A music-producing memorial tied to World War II received some fanfare this morning, as part of a restoration effort that began in 2019.
The towering Netherlands Carillon, located near the Marine Corps War Memorial and a short walk from Rosslyn, had its bells removed and shipped back to the Netherlands for restoration and tuning. The country gifted the memorial to the U.S. for its help during and after the war.
On Thursday morning, a new bell weighing over three tons was raised by a crane, in a ceremony that featured the U.S. and Dutch anthems as well as speakers including André Haspels, ambassador of the Kingdom of the Netherlands.
The hoisted George C. Marshall Bell is named after the former secretary of state who under President Harry Truman helped Western Europe rebuild with the Marshall Plan.
The bell, along with two other new bells, were cast in 2020 in the Netherlands.
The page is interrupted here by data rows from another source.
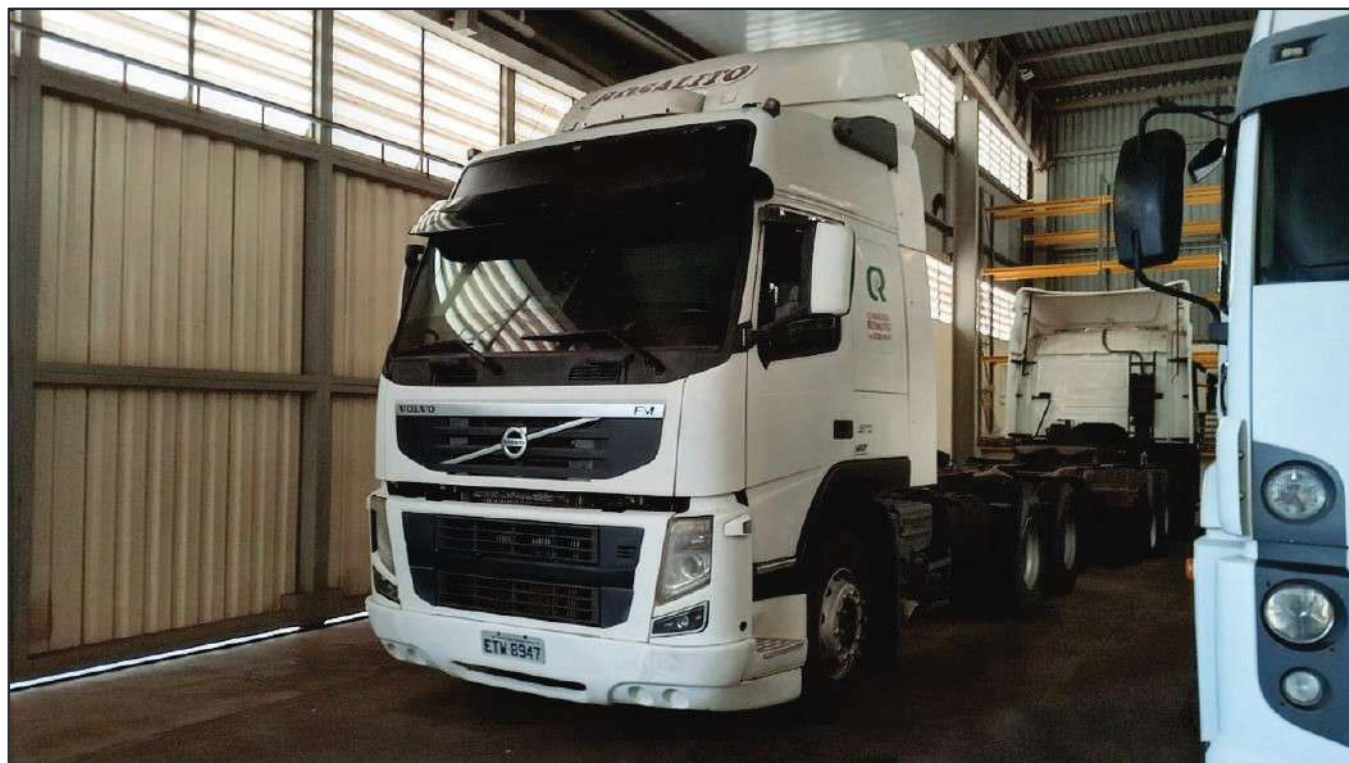
ITEM 027 - CAMINHÃO TRUCK VOLVO FM370 T PLACA: ETW-8947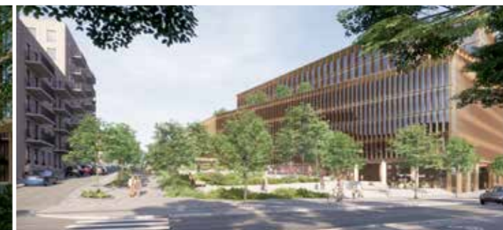
Bebyggelse på mark som frigörs när järnväg förläggs i tunnel. Illustration: AIX Arkitekter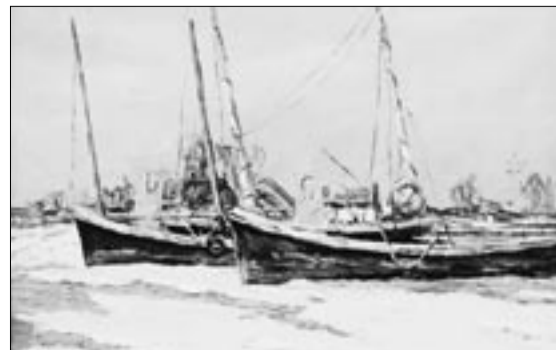
А. Захаров. Соимы. В рыбацком поселке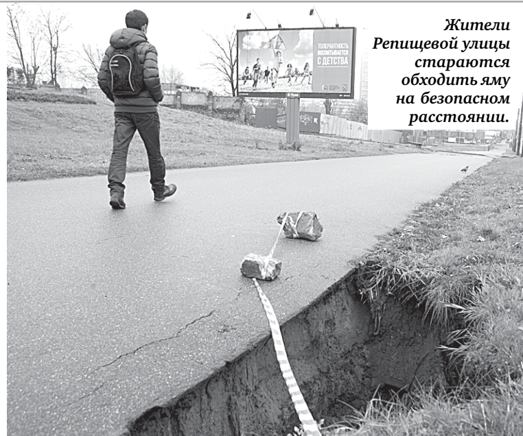
Жители Репищевой улицы стараются обходить яму на безопасном расстоянии.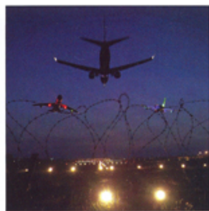
▲◀ Dalla mostra Contemporary World.

Galleria Magenta 52, via Crocefisso 2/a, 20871 Vimercate MB tel. 039-660768 fax 039-660768 e-mail: magenta52@dima-design.it info@dima-design.it web: www.dima-design.it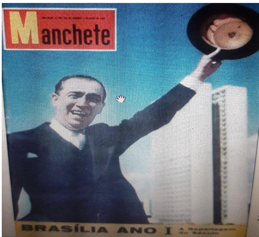
Imagem 2 — Capa da Revista Manchete Brasília ano 1 — A reportagem do século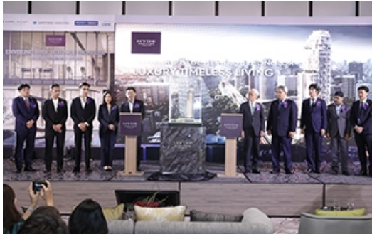
販売開始の記者会見の様子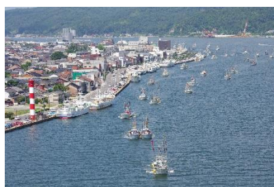
みなと祭 水上パレード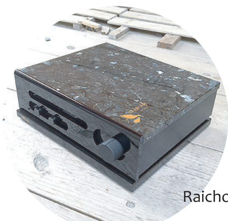
Raicho II power

フロントパネルには真空管がマウントされています。真空管時代の最晩期に医療・軍事用に設計されたサブミニチュア管。真空管の温かなアナログサウンドを再生します。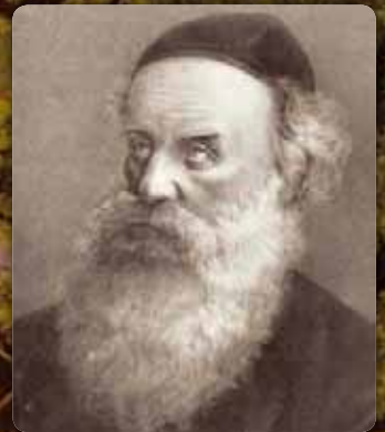
הרה"ק רבי שניאור זלמן מלאדי בעל התניא ז"ע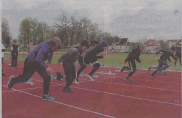
Jest jeszcze czas, by podszlifować formę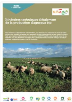
Fiche technique sur les itinéraires de production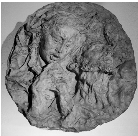
Federico Severino (Brescia 1953) Deposizione , 1991 Altorilievo in cotto, cm 53x50

In tutti questi anni si è sviluppata una forte rete di collaborazione e collegamento con gli enti pubblici (ASL, Comuni, Ospedali, Carabinieri, ecc...) e con altre associazioni locali (la Caritas Diocesana, la cooperativa "Il solco", Folonari, il Sindacato ecc...) e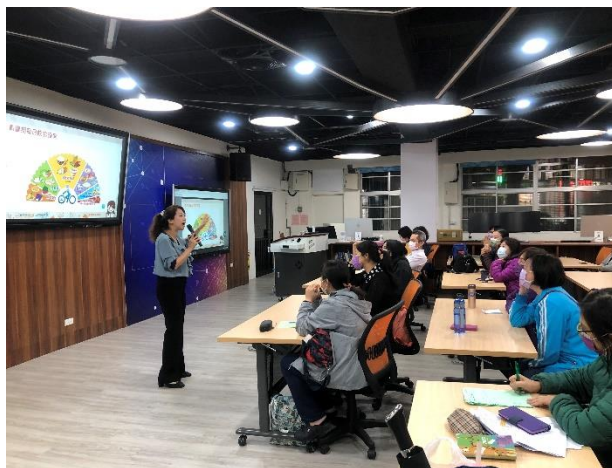
111-01 親職講座(三)家長踴躍參與親職講座，認真聆聽、寫筆記、提問，並與講師互動。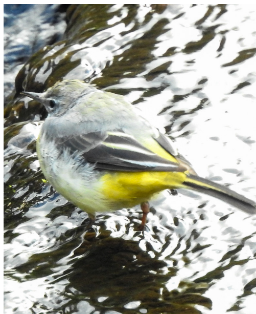
Även forsärlan gillar Vramsån

Kan konstatera att dagens runda inte blev någon ekorunda men det går att ta bussen till Gärds Köpinge och Tollarp för den som vill bekanta sig närmare med detta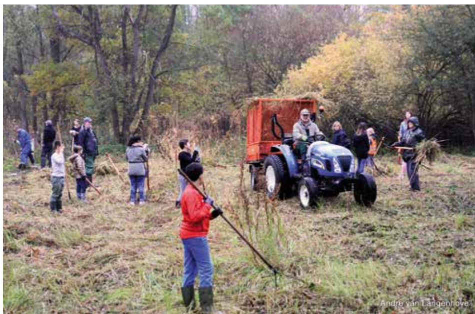
Natuurbeheer met schoolklassen

Er is heel wat werk gepresteerd en de Goudklompjes zijn altijd blij dat ze hierbij geholpen worden door al die schoolkinderen. Bedankt daarvoor! Peter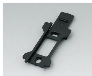
B1340029 Настенный держатель для TOPTEC 102 АБС (UL 94 HB) черный RAL 9005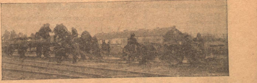
Воскресник топкинских железнодорожников в пользу посевной кампании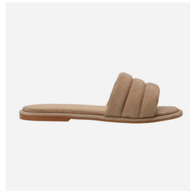
SABRINA 2B FLAT SANDAL 104 16381104 305 / 715 sand Sizes 36–42 RRP 119,95 €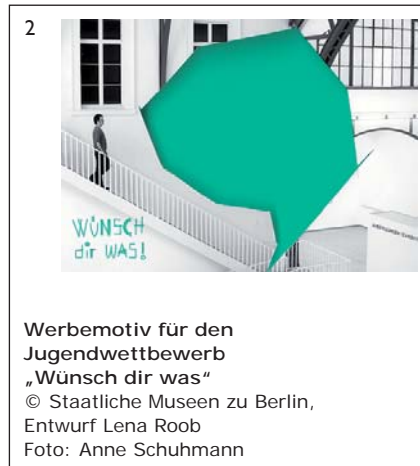
Werbemotiv für den Jugendwettbewerb „Wünsch dir was“ © Staatliche Museen zu Berlin, Entwurf Lena Roob Foto: Anne Schuhmann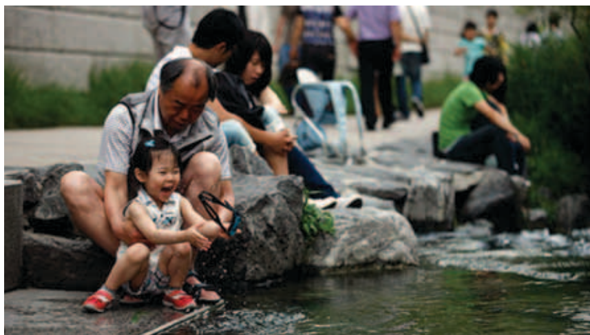
Cijeli je projekt omogućio izravan doticaj građana s rijekom

sto, a smanjile su se i ljetne temperature okolnih područja.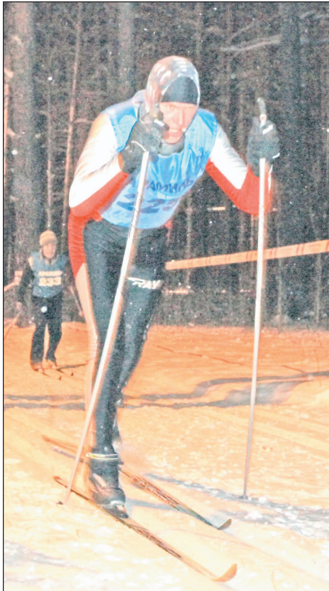
Одни «работали» на результат, стараясь добежать как можно быстрее, а другие ставили цель — главное, дойти до финиша!

Артур МАМАТОВ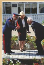
«Дымка» в подарок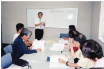
毎月、NPO法人を設立、または勉強したい方向けの「やさしく学べるNPO法人設立セミナー」を開催しています。

NPO法人設立セミナーを毎月開催。設立を支援した先は県内外265先、うち運営支援先72先。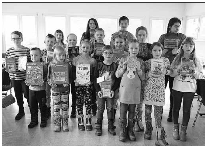
fol. MBP w Wiśle

Ostatnie spotkanie 21 lutego poświęcone było promocji książki i czytelnictwa. Podczas warsztatów kreatywności młodzieży czytelnicy z wiślańskiej biblioteki wcielili się w rolę prelegentów. Uczestnicy zajęć stanęli bowiem przed trudnym zadaniem wypromowania swojej ulubionej książki. Podczas ograniczonych czasowo wystąpień ambasadorzy poszczególnych dzieł żywo opowiadali o głównych bohaterach, fabule, stronie graficznej i cytowali swoje ulubione fragmenty. Zadanie było bardzo trudne, ale większości wypowiedzenie się na temat ulubionej literatury przychodziło z łatwością, toteż „forum młodych” należy uznać za bardzo udane. Po krótkich prezentacjach, wspólnych zabawach i poczęstunku przyszedł czas na pracę w małych grupach. Najpierw uczestnicy wymyślali slogany reklamujące książkę i bibliotekę, po czym nanosili je na tekstylne torby, których teraz będą używać do pakownia wypożyczonych w bibliotece książek.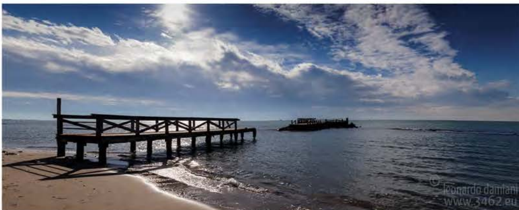
"Vecchio Pontile" Lido Di Ostia, Roma

E' una tecnica utile sia per usi commerciali che per usi più "creativi".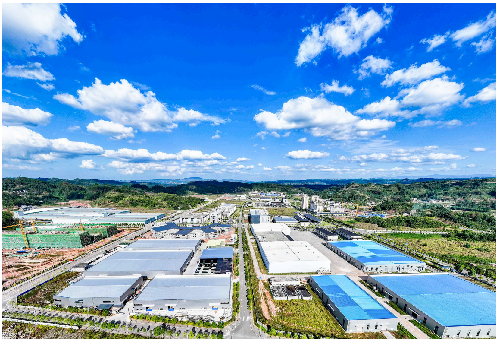
中医药科技产业园。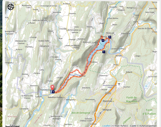
Lac de Coiselet depuis Montcusel

Le plus méridional des lacs jurassiens est une retenue artificielle créée en 1970 sur la rivière d'Ain. Haut-lieu touristique entouré de falaises, l'endroit mêle légendes et histoire.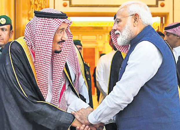
ପ୍ରଧାନମନ୍ତ୍ରୀ ନରେନ୍ଦ୍ର ମୋଦି ସୌଦି ଆରବ ରାଜା ସଲମାନ ବିନ୍ ଅବ୍ଦୁଲଅଜିଜ୍ ଅଲ୍ ସୌଦିଙ୍କୁ ଭେଟିଛନ୍ତି।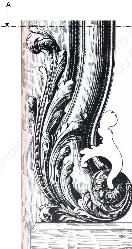
Bas de glace Louis XIV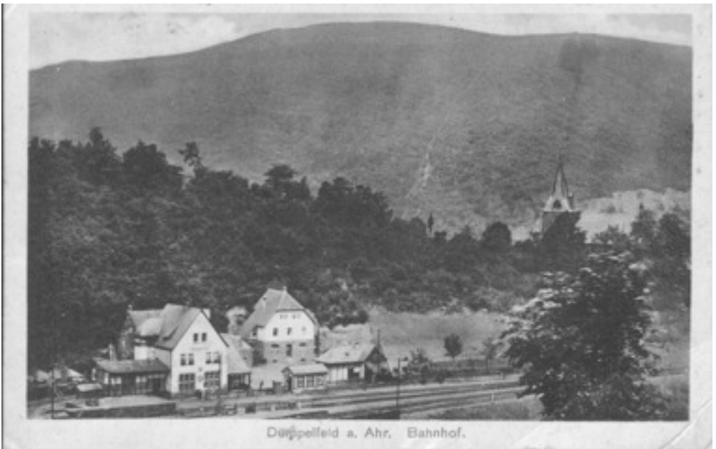
Dümpelfeld a. Ahr. Bahnhof.

Eigentlich beginnt die Geschichte des Buches über die Ahrstrecke bereits vor der offiziellen Museumseröffnung. 2007 reifte der Gedanke, eine Vortragsreihe ins Leben zu rufen. Gesagt, getan: 2008 wurde unter dem Motto „ Zeitreise Eisenbahn “ der erste Vortrag in den damaligen Vereinsräumlichkeiten, dem heutigen Eisenbahn-Museum, gehalten. Thema war die längst stillgelegte Strecke Ahrdorf – Blankenheim (Wald). Wir zählten etwas über 30 Besucher. 2009 war dann die Strecke Dümpelfeld – Lissendorf an der Reihe. Diesmal waren es schon über 60 Besucher. Die Strecke scheint eine magische Anziehungskraft zu besitzen. Zu Gast war auch der Bürgermeister von Dümpelfeld, der spontan fragte, ob man den Vortrag nicht in Dümpelfeld wiederholen könne. Das haben wir natürlich gerne gemacht und kamen so zu unserem ersten „Auswärtsspiel“. Auch in Dümpelfeld fand der Vortrag viel Anklang und die Vortragsreihe hat sich zwischenzeitlich durch gute Themen, gute Referenten und eine gute Aufbereitung zu einem Publikumsmagneten entwickelt. Als wir uns dann im Frühjahr 2010 im Vorstand der EFJ dazu entschlossen, die Aufarbeitung von Eisenbahngeschichte unter der Überschrift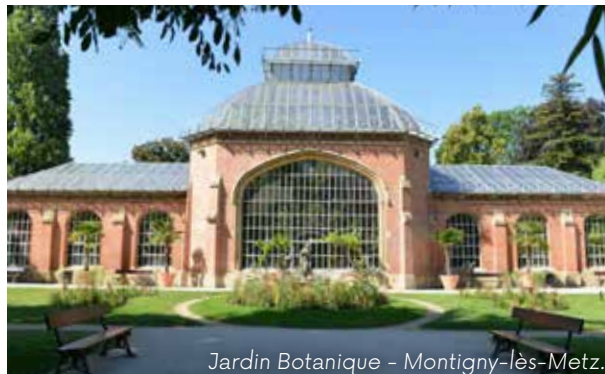
Jardin Botanique - Montigny-lès-Metz.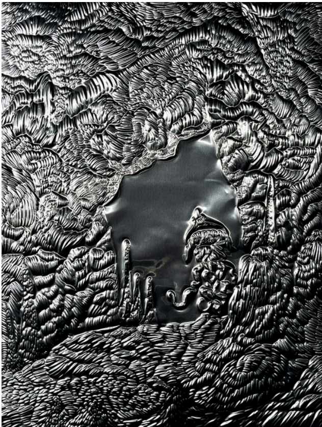
Crypta , dessin sur aluminium, Manon Diemer, 2026

Naviguant entre archive scientifique et mise en scène phénoménologique, l'exposition Les Larmes de Sirène sonde notre capacité à esthétiser la dystopie. L'exposition génère une zone d'éco-anxiété sourde où la beauté fascinante, devenue indissociable de la contamination, dresse le portrait d'une transformation de notre écosystème d'ores et déjà à l'œuvre.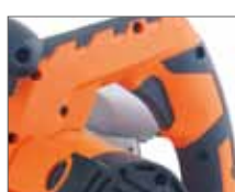
Резиновые накладки ExtraGrip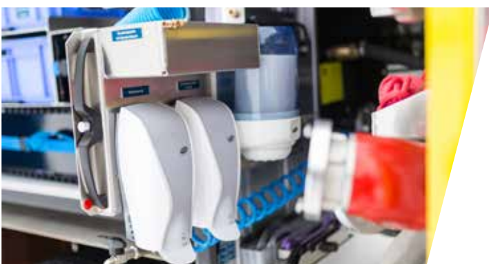
Hygieneboard auf Auszug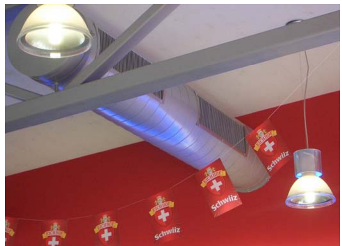
BURGER KING, Winterthur (Switzerland)

Ferdinand Schad KG Steigstraße 25 – 27 D-78 600 Kolbingen (Zweigniederlassung)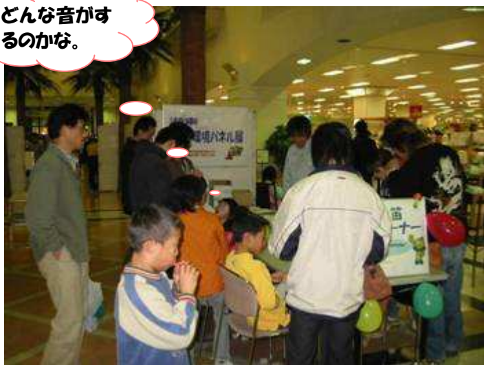
ヨシ笛体験コーナー

ヨシ笛づくりは大好評で、1日100個用意していたヨシ笛作成キットが、連日閉場3時間前にはなくなる程でした。

The carillon was first installed in D.C. in West Potomac Park before being relocated next to the war memorial in Arlington in 1960.
The three new bells will make it a grand carillon — a term for the musical instruments that have more than 50 bells.
The other two bells will be added later, and the National Park Service expects the restoration to be complete by this fall. Those other bells are being named in honor of civil rights activist Martin Luther King Jr. and First Lady Eleanor Roosevelt.